In recent years, the advent of web-based search engines has revolutionized the way people access information. These ubiquitous tools are extensively employed, not only for informational queries but also increasingly for learning purposes [1,2]. Recognizing the potential of web-based search engines as valuable learning aids, researchers have focused on searching as learning (SAL), utilizing web-based search engines as a means to acquire knowledge and support learning processes and conceptualizing searching activities as learning activities [3,4].

Unlike the traditional field of information retrieval, which primarily views searching as a tool for information acquisition, studies on SAL place greater emphasis on the learning process that learners engage in through web-based searching. Building upon this perspective, research in the domain of SAL focuses on the role of search systems in directly facilitating human learning [5]. This area of study goes beyond mere information retrieval to emphasize examining the effects, implications, and results derived from utilizing search systems in the context of educational processes. From a perspective of information retrieval, SAL research shifts the focus from the relevance of individual search results to supporting the learning process itself [6]. From an educational perspective, SAL research concentrates on deeply understanding how learners use search engines to meet their learning needs and how optimization can enhance learning outcomes [2].
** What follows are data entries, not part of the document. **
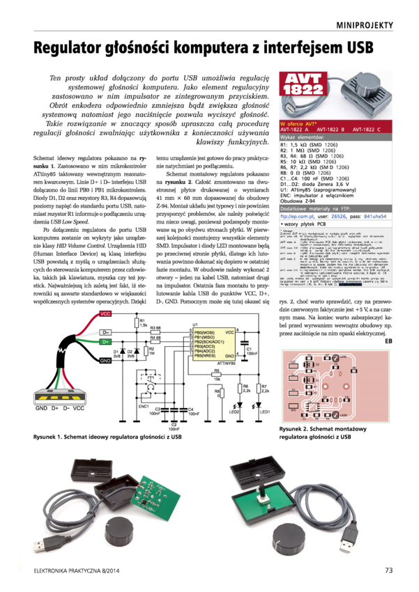 AVT1822 Regulator głośności komputera z interfejsem USB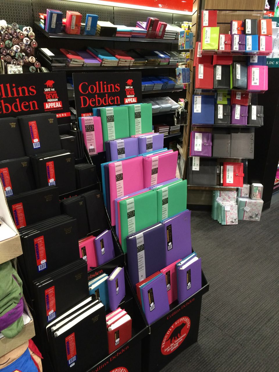 If you look carefully at the photo you can see our layering approach in action for 2014 diaries. The diaries are placed in three locations: two floor display units, on a column and on the wall.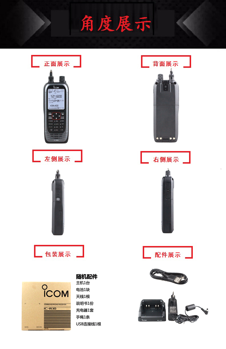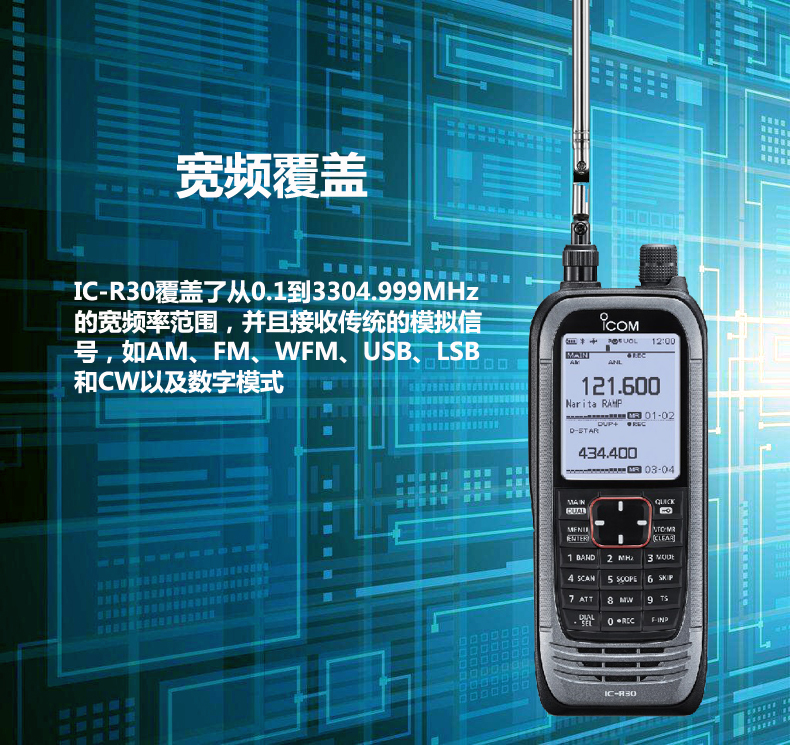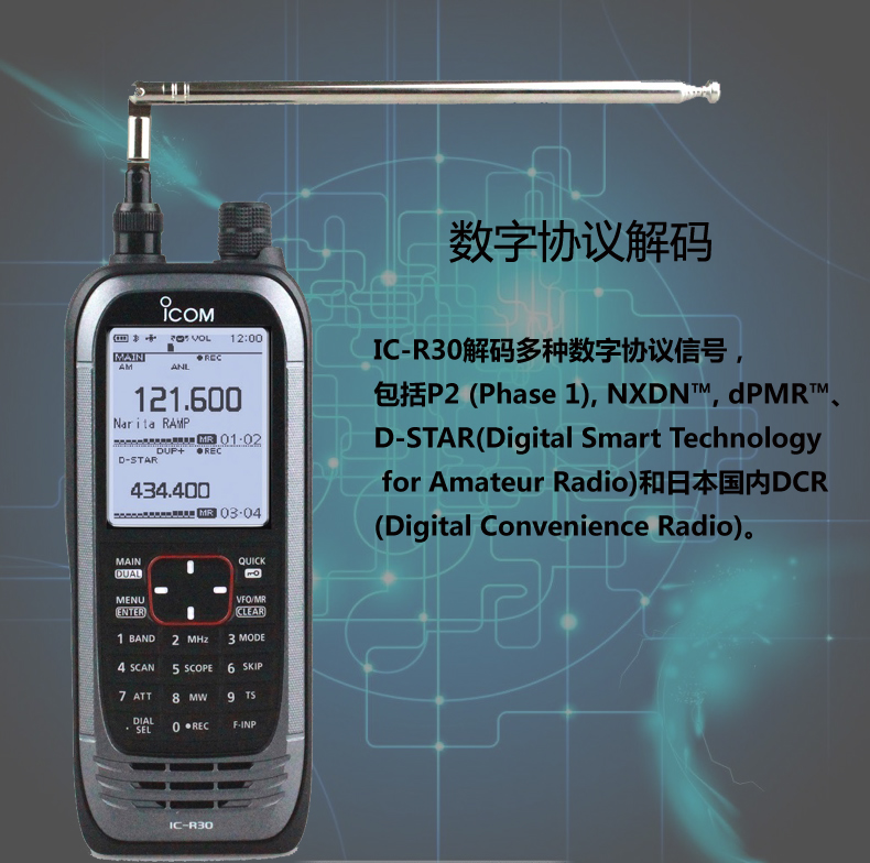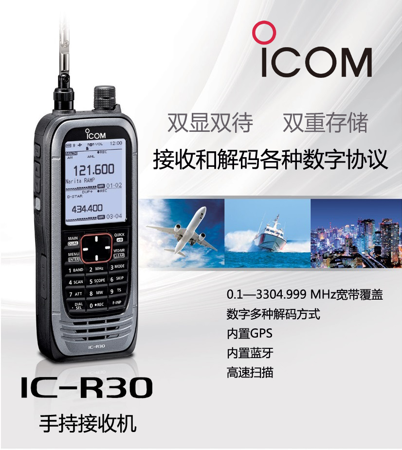ICOM艾可慕IC-R30接收對講機(停產) 解碼數字/模擬/雙顯雙待/GPS/藍牙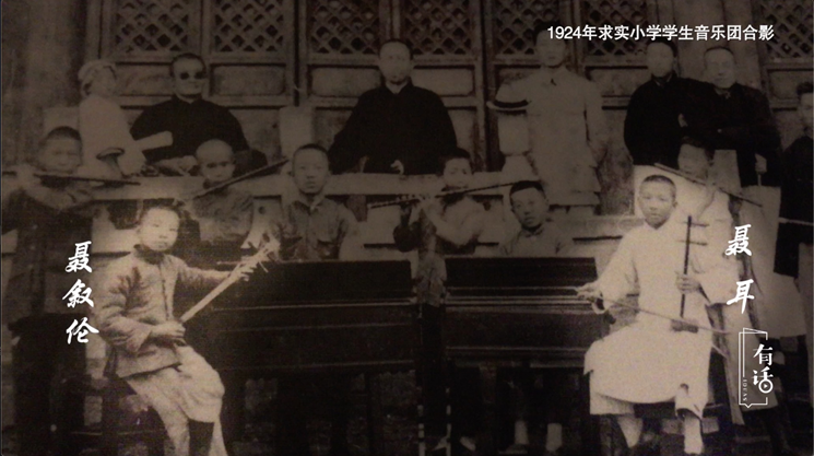 聶耳的媽媽是傣族人,特別喜歡云南的花燈,還有云南的一些民間音樂,傣族民歌。當(dāng)時聶耳的母親都會在睡覺前給比較調(diào)皮的聶耳演唱,所以聶耳是在媽媽的音樂的熏陶下成長起來的。有一個四川的鄰居是個木匠,這個木匠特別喜歡音樂,他會吹一手好的竹笛。他教聶耳吹竹笛,丘木匠也算是聶耳的一個啟蒙音樂老師吧。他會自己手工制作竹笛,他送了聶耳竹笛,開啟了聶耳先生的音樂之門。而且三哥,就是我的外公也和聶耳在學(xué)校里面組織了一個民樂團(tuán)?,F(xiàn)在你們到翠湖還可以看到很多的人會在那載歌載舞,有管樂團(tuán)、有唱歌的,我們開玩笑說那個時候就是聶耳的一個竹笛,我的外公一把三弦或者一個二胡走天下。他們就經(jīng)常跑到翠湖去演奏,很多圍觀的人啊。這算是他們的一個音樂實踐的地方,也是他們很快樂的童年。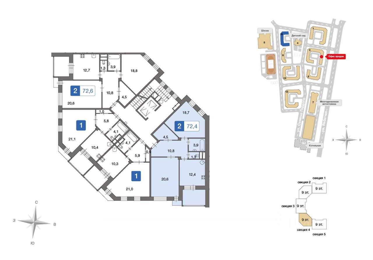 Продаётся 2-комнатная квартира в сданном доме (Семёна Гордого, 6), срок сдачи: IV-кв. 2018, общей площадью 72.4 кв.м., на 5 этаже. Расположение, транспортная доступность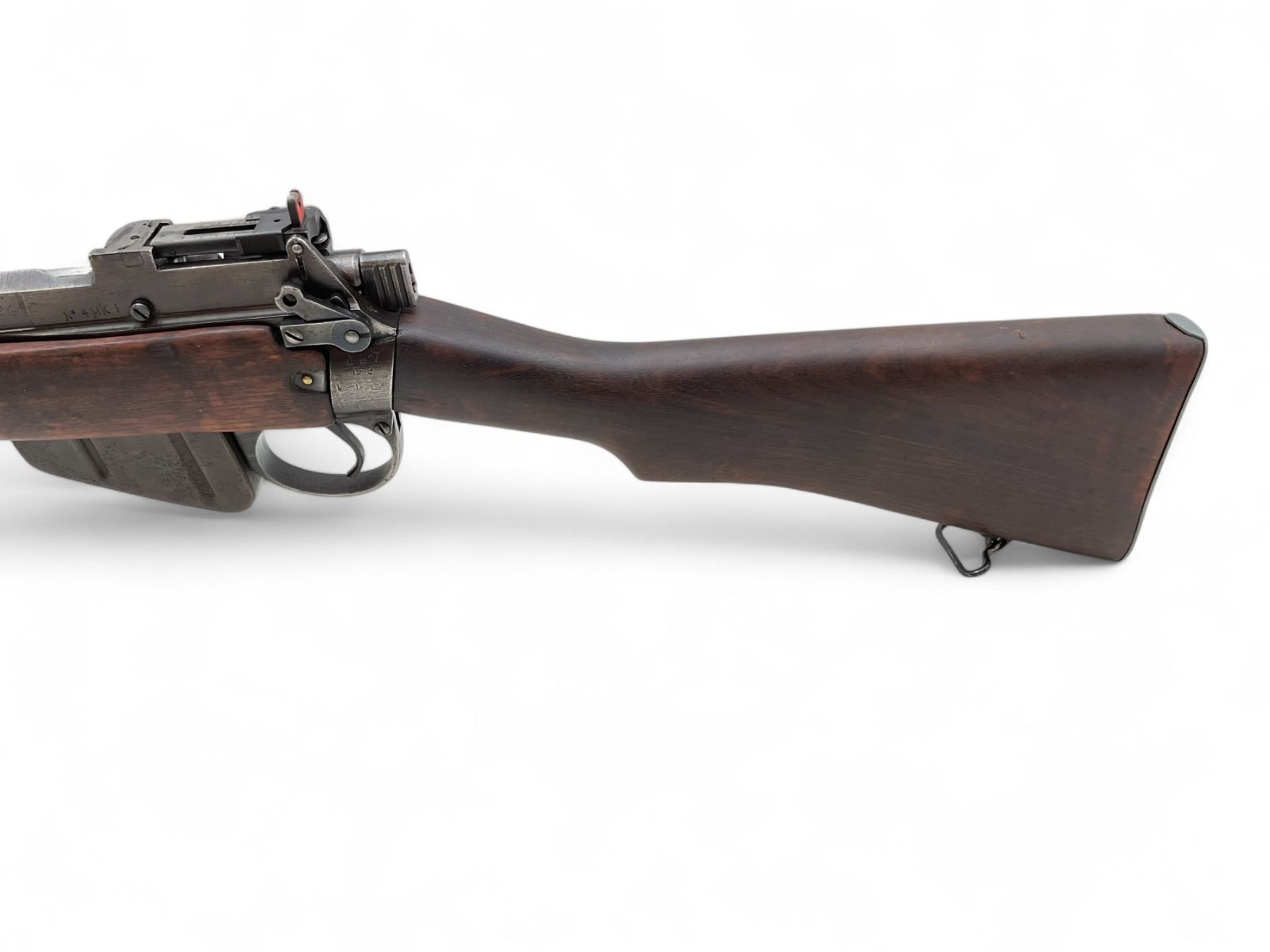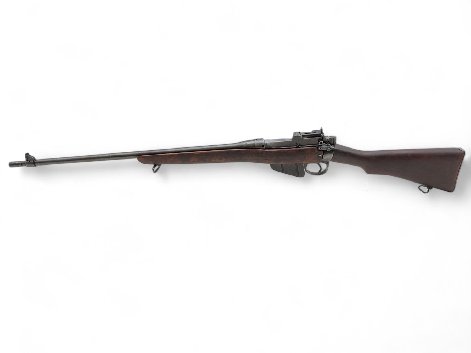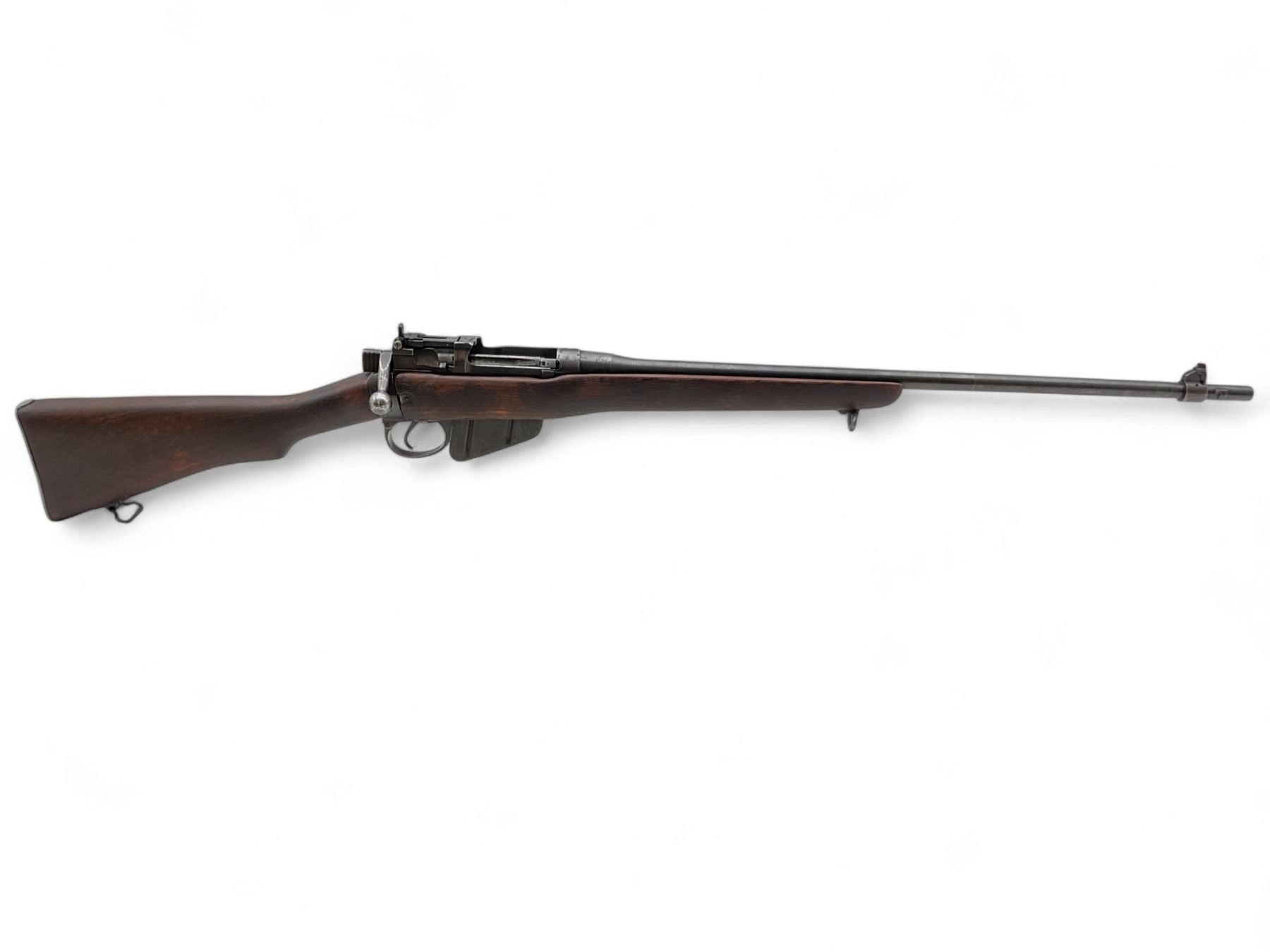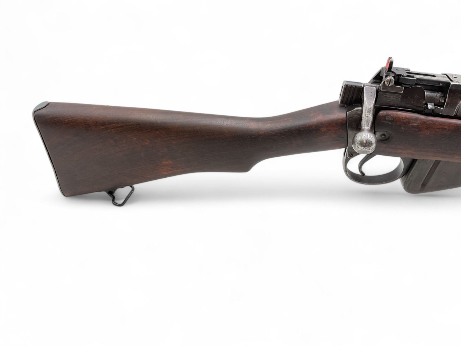 Sporterized Lee Enfield No4 Mk1 Bolt Action Rifle 303 British 25" Barrel Wood Stock. Receiver has been drilled and tapped but holes appear too deep; consignor indicated this gun best used as a parts gun. Comes with one detachable magazine. Fixed front sight, adjustable rear sight has been modified. This is a non-restricted firearm.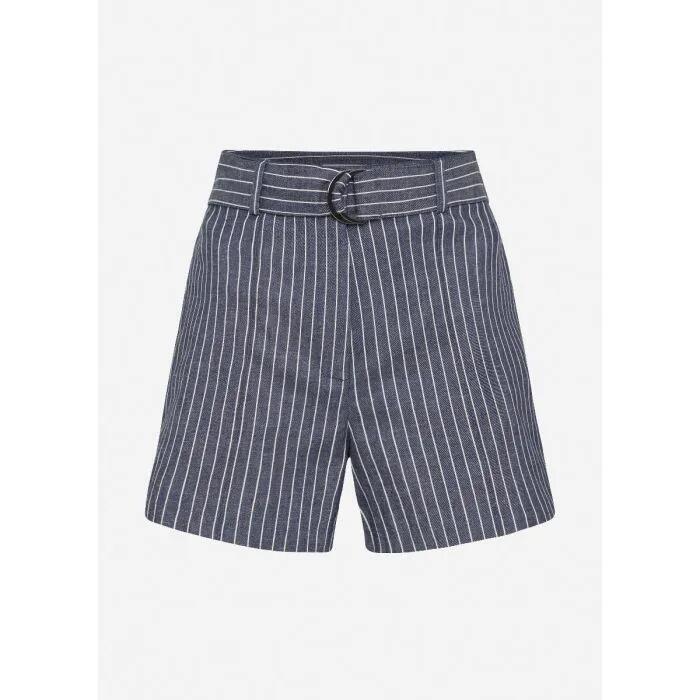 Elevating your summer wardrobe with a smart ivory pinstripe, these navy shorts deliver flattering shaping within a slim, tailored design, while offering easy movement through pure stretch cotton. Defining the waist with a silver D-ring belt, the shorts fasten discreetly at the front with conceale

Studies have proposed that SAL combined with thoughtful task planning can lead to enhanced learning outcomes [7,8]. At the beginning of the SAL process, learners often only possess a vague understanding of the learning object, meaning their knowledge structures are insufficient to precisely articulate what they seek to learn. During the SAL process, learners are required to continually refine their learning tasks and retrieve relevant information from web-based search engine results, progressively constructing and refining their knowledge structures. This process involves the generation of queries, the evaluation of search results, and iterative adjustments and refinements of knowledge structures [5,9].

Understanding and predicting learners’ task planning ability in SAL are crucial for web-based search engine providers, recommendation systems, and educators [6,10]. By comprehending learners’ planning abilities, web-based search engines and recommendation systems can provide targeted guidance, suggest relevant learning resources, and optimize search results to facilitate effective learning [11]. Additionally, educators and instructional designers can utilize these insights to tailor instruction, provide appropriate scaffolding, and design interventions aimed at improving learners’ planning skills, ultimately fostering metacognitive awareness and self-regulated learning [12].

To address the challenge of predicting learners’ task planning ability, this paper proposes a novel method that leverages the Hierarchical Clustering Algorithm Based on Density Peaks (HCDP) model and the Tree-Structured Long Short-Term Memory Networks (Tree-LSTM) algorithm. The HCDP model is employed to capture and represent the hierarchical relationships among learning activities and learning subtasks. By modeling the learning process in this way, we can effectively capture the nuances of task planning in SAL. The Tree-LSTM algorithm is utilized to predict learners’ SAL task planning ability based on the extracted features from the tree structure.

The experimental results demonstrate the efficacy of our proposed method in effectively predicting learners’ task planning ability within the context of SAL. Furthermore, the key features extracted from the tree structure serve as reliable indicators of learners’ planning ability, providing valuable insights for web-based search engines, recommendation systems, and instructional designers.

Overall, this paper contributes to the field of information retrieval and learning by offering a methodological approach to predict learners’ task planning ability in the context of SAL. The findings hold implications for web-based search engine providers, recommendation systems, and educational practitioners. For search engine designers, our study aids in developing learner-focused search interfaces by understanding SAL task planning, leading to enhanced personalization and efficiency. For educational practice, our research informs educators about learner challenges in SAL, enabling more effective learning experience design and targeted support.

2. Related Works

2.1. Predictive Models for Learners’ Abilities

The predictive modeling of learners’ abilities has gained significant interest, especially due to its potential in customizing learning environments for individual learners, thereby optimizing the learning process.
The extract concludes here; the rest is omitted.